Кучюк и его наследники (а он, как и положено степному хану, успел наплодить их великое множество от своих многочисленных жен и наложниц), ставшие после его смерти (он погиб в одной из битв, как и подобает настоящему воину) такими же Великими Ханами Печенежской Орды, не только полностью разгромили Хазарский каганат, стерев его с политической карты мира, но и создали на его месте огромный, простирающийся от Дона до Урала, а может быть, и дальше на восток, вплоть до сибирских рек, мощный буферный улус, который надежно прикрывал южные и восточные рубежи моей Русской Империи от набегов других, еще более диких и непредсказуемых кочевых племен из глубин Азии — половцев, кипчаков, монголов (о которых тогда еще никто и не слыхивал, но я-то, из своего будущего, знал, какая это будет страшная сила).

Печенеги, получив от нас доступ к русскому железу, оружию, некоторым технологиям (например, они научились строить более-менее сносные осадные машины по чертежам Степана), и, главное, имея за своей спиной мощную поддержку Русской Империи, значительно усилились и смогли установить свой, степной, порядок на этих огромных пространствах. Они регулярно выплачивали мне, русскому Царю, дань (золотом, серебром, мехами, отборными скакунами), поставляли в мою армию лучшие конные отряды для походов на запад или север, и выступали верными, хотя порой и очень беспокойными, очень своевольными, но все же вассалами моей Империи. Любые попытки других кочевых племен — тех же половцев, которые начали набирать силу, или булгар, которые никак не могли успокоиться, — нарушить границы Руси или ее степных союзников немедленно и очень жестоко пресекались совместными усилиями моих пограничных дружин и летучей печенежской конницы. Так что на юге у меня теперь был, как говорится, полный ажур.

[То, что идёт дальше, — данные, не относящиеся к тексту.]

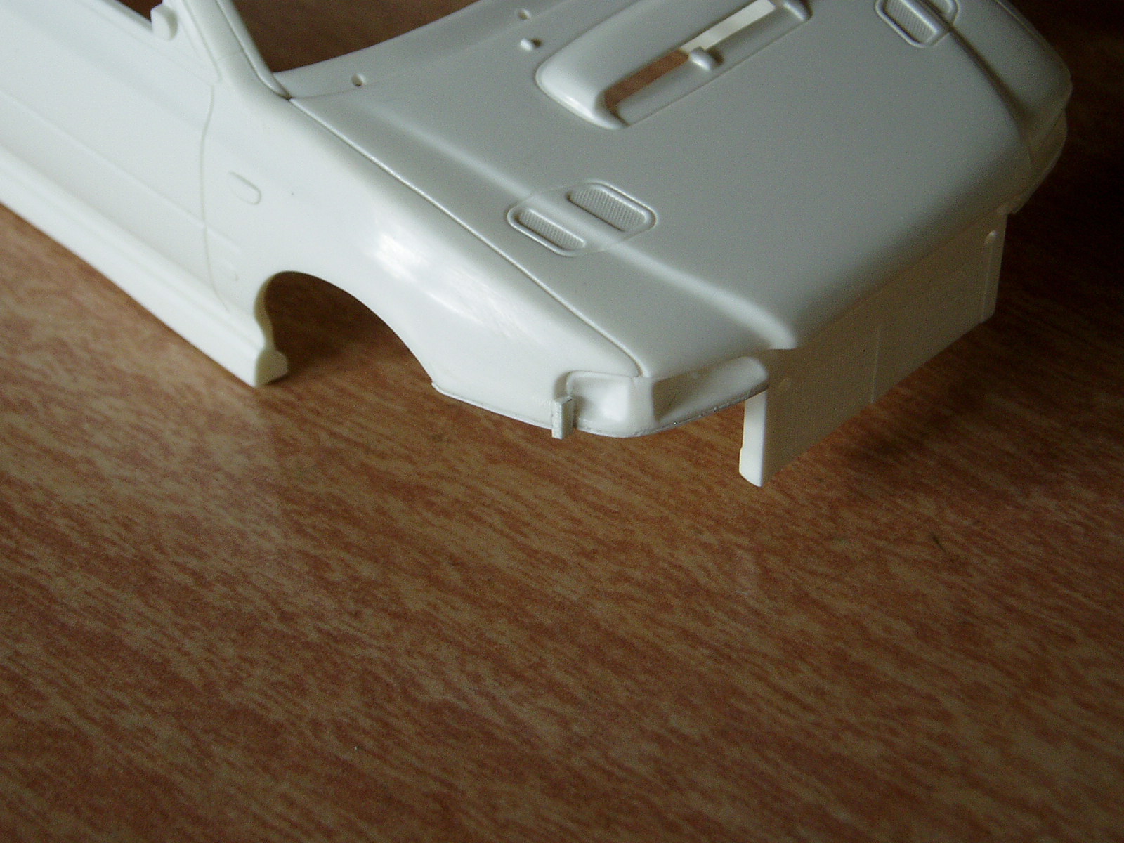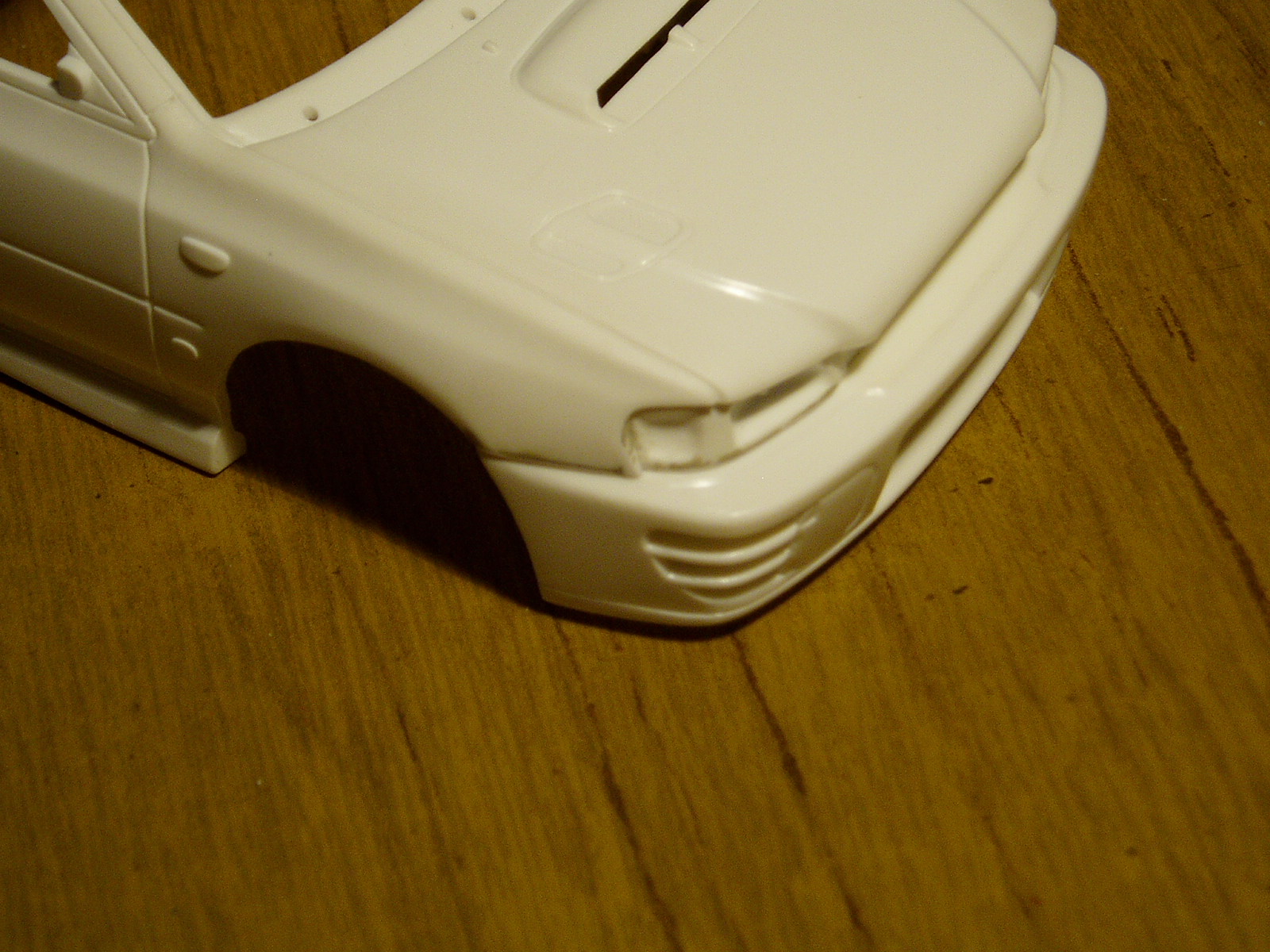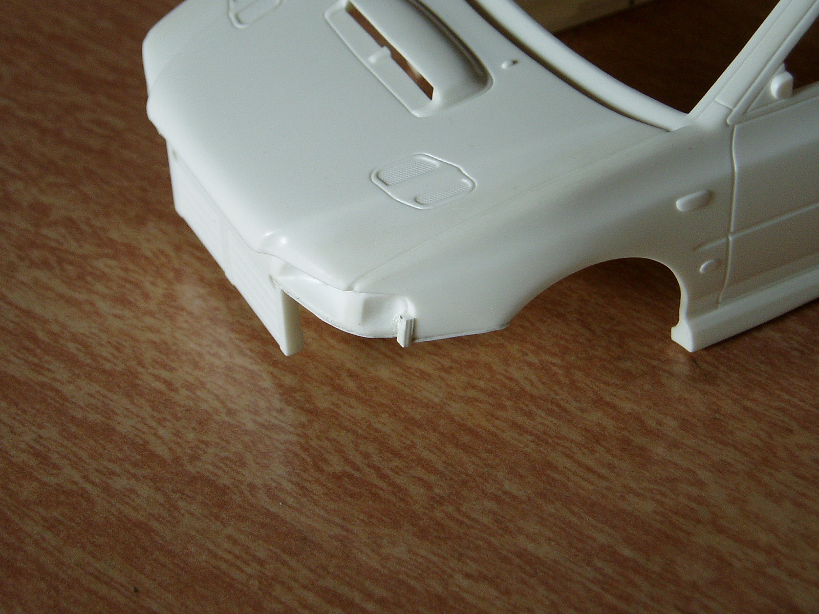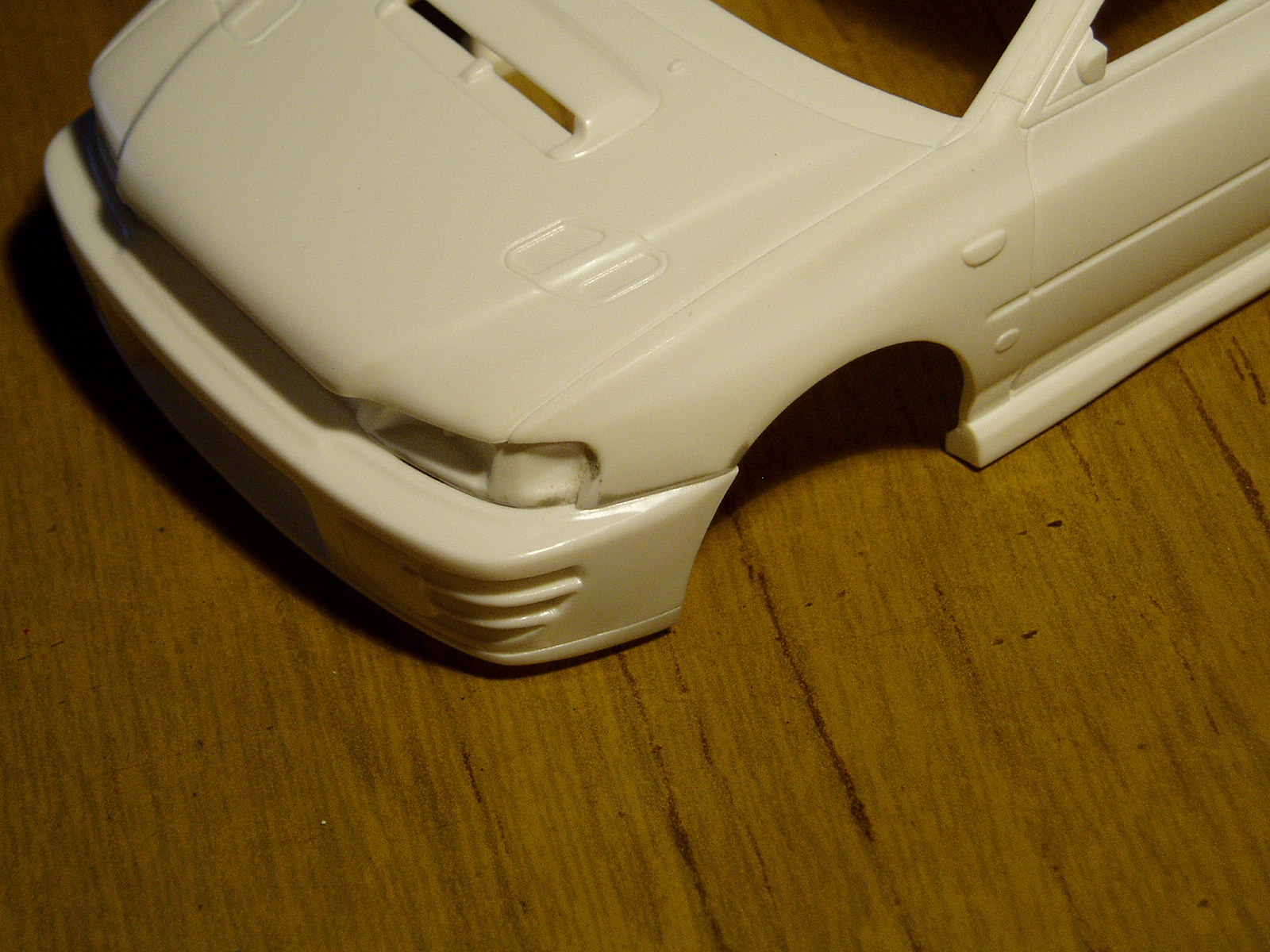 voy encarando distintos aspectos del modelo, el frente donde va la calandra tiene que ser plano y en este caso Fujimi lo hizo curvo, las luces de giro frontales laterales deberian terminar en punta y no rectas (otro detalle), el spoiler delantero no tiene la forma correcta ya que es curvado y no recto, las taloneras traseras estan sobredimensionadas, espero parar ahi.
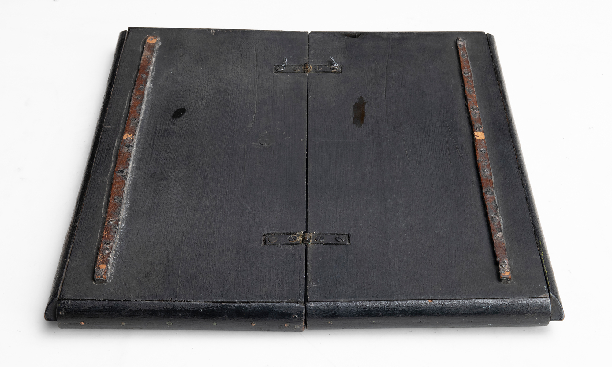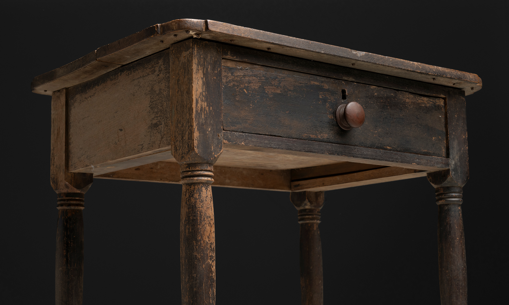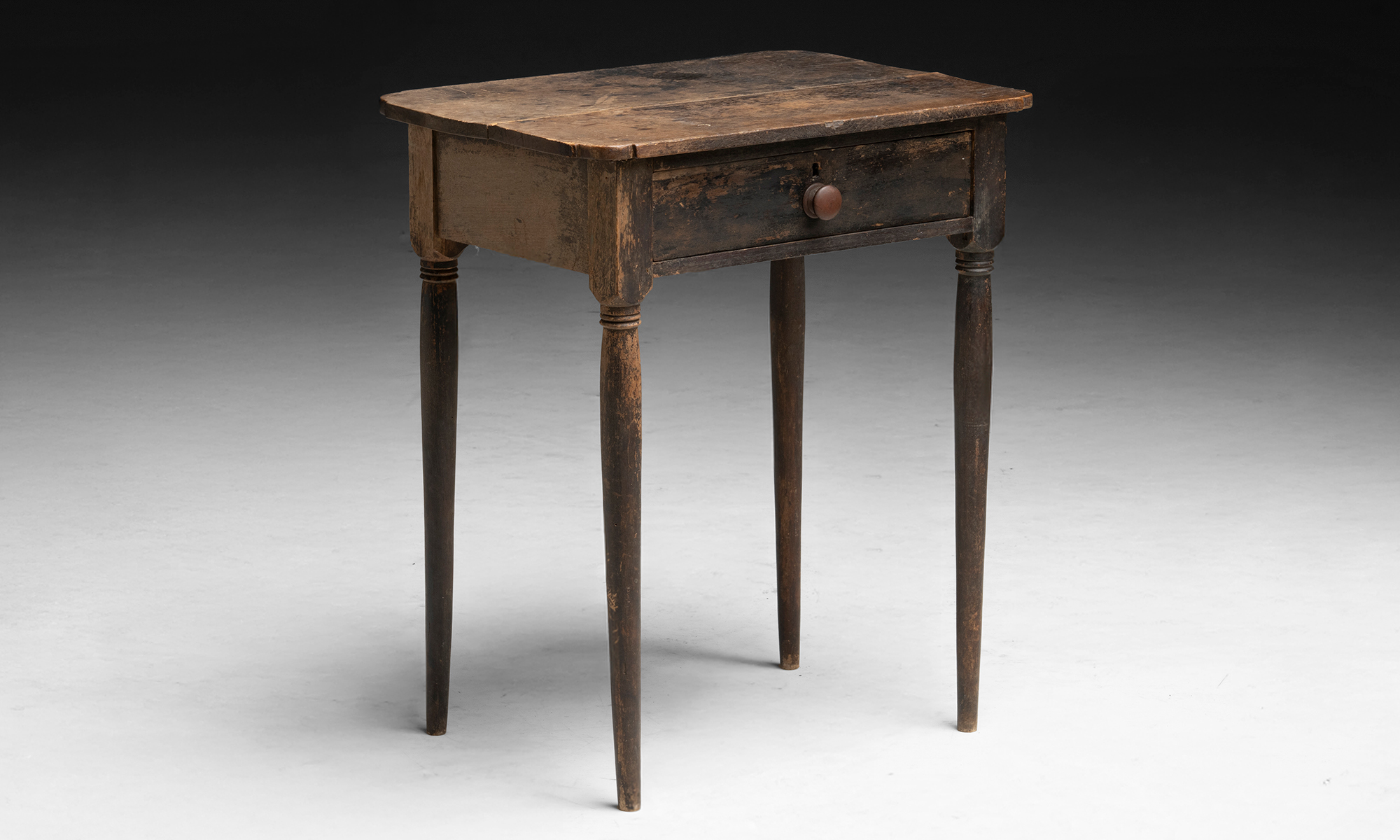 Folk art folding game board with black and yellow checkerboard and applied edge molding. Chess and checker pieces included. Walnut side table with two-board top and single full drawer, shaped corners and turned legs.

На западе, после нашего триумфального похода на Царьград и фактического покорения Византии (которая теперь была нашим де-факто вассалом), а также после заключения выгодных для нас договоров с Польшей, Венгрией и другими европейскими соседями, также установился довольно длительный и прочный мир. Император Священной Римской империи, видя невероятную мощь моей Русской Империи и не решаясь на открытый конфликт (хотя я не сомневался, что они спят и видят, как бы нас ослабить или стравить с кем-нибудь), предпочитали поддерживать с нами более-менее нормальные торговые и дипломатические отношения. Правда, они не оставляли своих попыток распространить свое влияние на наши западные земли через католических миссионеров, которые то и дело появлялись то в Новгороде, то в Полоцке, то в Галиче, пытаясь совратить моих подданных в «латинскую ересь». Однако эти попытки успешно нейтрализовывались бдительностью моих царских наместников, твердостью нашего православного духовенства (которое я всячески поддерживал и которому даровал немалые привилегии), и, не в последнюю очередь, тем, что православие, после падения Константинополя под нашу руку, стало восприниматься многими как вера победителей, как истинная вера сильной, независимой Руси. Так что и на западе у меня было все более-менее спокойно.

Моя Русь жила в мире, безопасности и относительном процветании, как никогда прежде в своей многострадальной истории. И это было, пожалуй, самым главным итогом моих многолетних трудов.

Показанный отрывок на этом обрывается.